I softened my stance on shopping to allow a weekly paper. I plumped for the Saturday Guardian, and duly skipped across the valley to buy it from Bromham. Carefully designed to tap into our post-Christmas spare tyres, it included the first guide to getting fit, British Army style, and a poster with a timetable laying out a daily workout programme spanning 16 weeks. Clearly a road-map to guilt. But I stuck the poster on the fridge and vowed to keep to the schedule.
Somehow, I managed to justify Monday's paper as well, and carefully kept the instruction booklet for the upper body workout.
Back to school Tuesday, and I went straight to Devizes, ran for 30 minutes (not strictly what the army recommended for day 1, week 1, but near enough), then on to the post office. Newspapers piled invitingly by door. I consulted my conscience: I couldn't think of a good reason to get the paper, yet I really needed the lower body instructions.
I picked up the paper, took it to the counter, and casually extracted the guide, later slipping it into my bag before returning the paper to the pile.
It was only when I got home that I realised how twisted my priorities had become: I had stolen an - admittedly free - insert, in order to avoid violating a New Year's resolution that I had already broken the day before (meat, chocolate and wine all fell on Friday 4th).
The first local GP meeting of 2008; Mark had moved it to the Lansdowne Hotel in Calne, and booked a room that held 12. We sent e-mails to all local green groups, as well as sympathetic friends.
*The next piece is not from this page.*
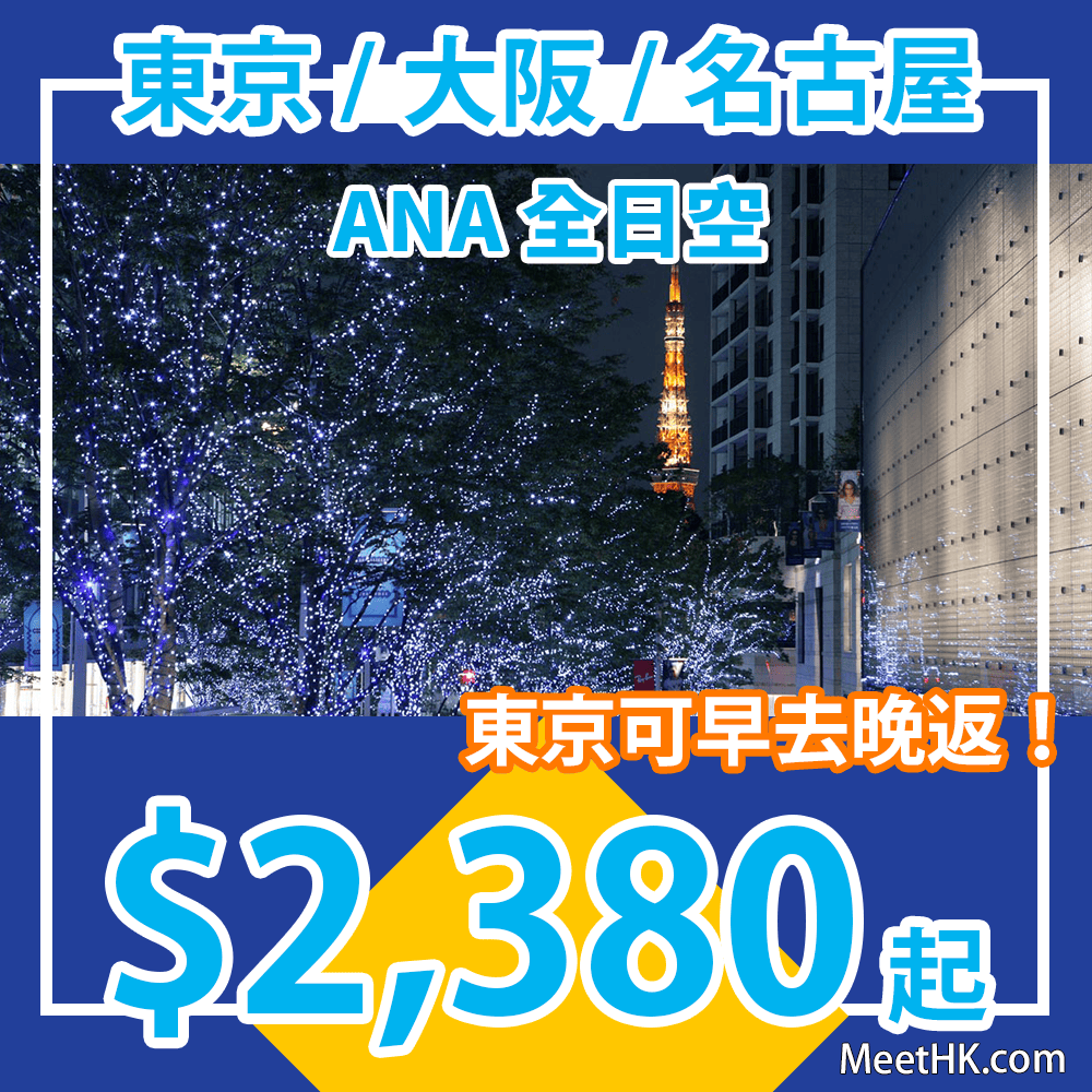 高質ANA日本優惠!限時5日!12月19日前出發!東京可早去晚返!香港往返東京、大阪、名古屋只需$2,380起 – ANA 全日空 (優惠至7月2日)

By 7.35, we numbered 19, and moved into a large hall, more used to the benevolent gatherings of the North Wilts Rotary Club.
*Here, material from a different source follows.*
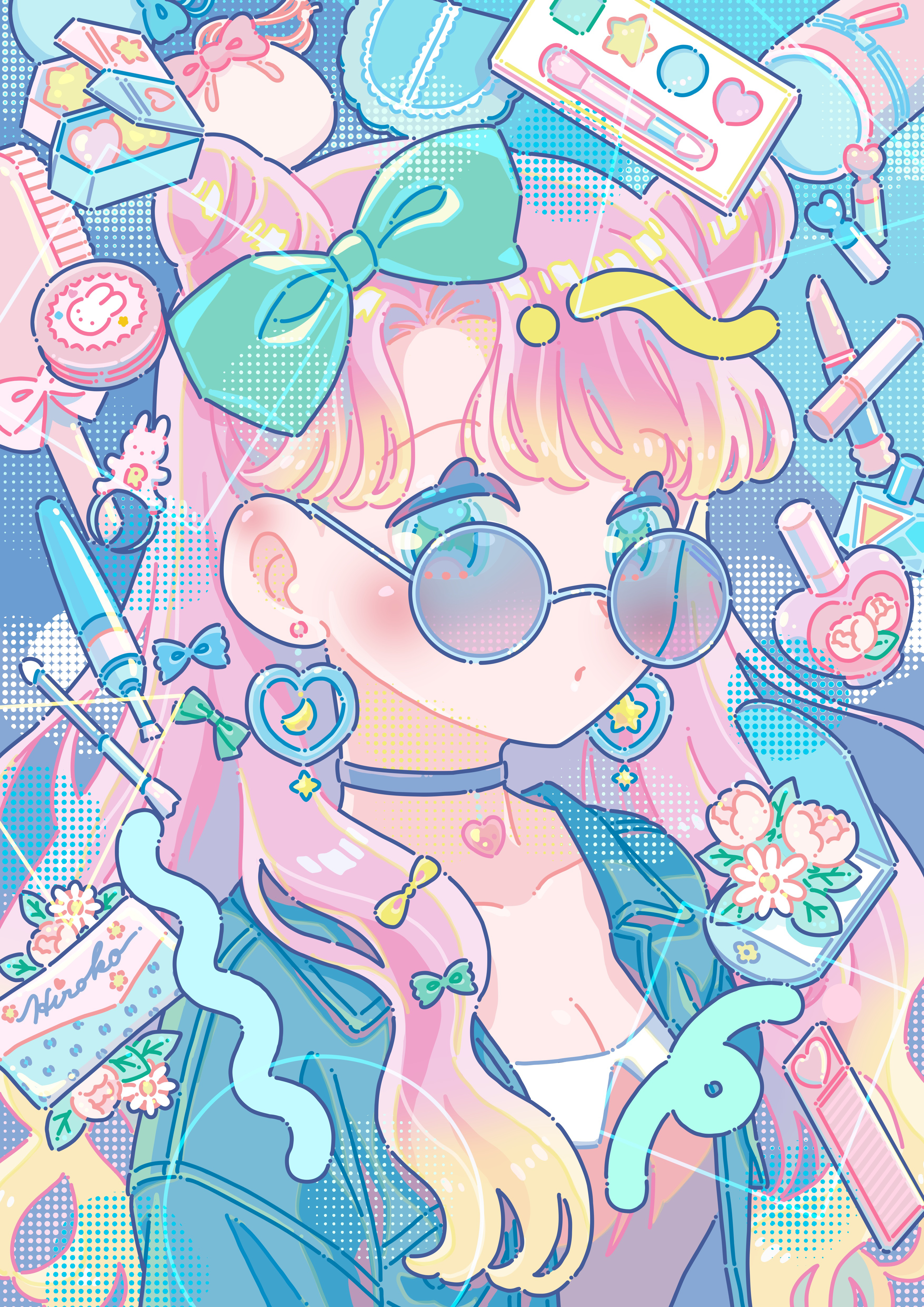 1girl absurdres aqua_bow blush bow breasts choker cleavage cone_hair_bun cosmetics earrings eyelashes flower green_eyes hair_bow hair_bun hair_ornament heart heisei_retro highres hiro046k jacket jewelry leaf lipstick long_hair looking_at_viewer makeup makeup_brush original parted_bangs pink_flower pink_hair round_eyewear screentones solo sunglasses upper_body

It was a rather excited and enthusiastic gathering, several new faces, a good handful of our loyal friends. Mark led the way through the minute's attunement, forgetting the introductions in his eagerness to gallop on to the four pending by-elections. He produced Nick's poster, which they'd compiled together after a successful assault on Upavon in search of the ten signatures required for registration.
Top of the mini-manifesto was: 'Weekly curbside rubbish and recycling collection, including plastic and cardboard.' But, piped up Hilary, didn't we believe that every other week was preferable?
'Yes,' Mark replied, 'but, you see, we don't exactly specify weekly rubbish collection. It was deliberately ambiguous.'
We debated the morality of this. New faces Pam and Steve suggested that we take a completely different tack, along the lines of 'We can help you green your life.'
There were a couple of nods, before Derek - possibly the most honourable man you could hope to meet - closed the debate: the important thing is to get people on the councils, he said firmly. 'We can have a far greater influence from the inside.'
Once again, political expediency had triumphed over morality. The ends, we must hope will trump the means.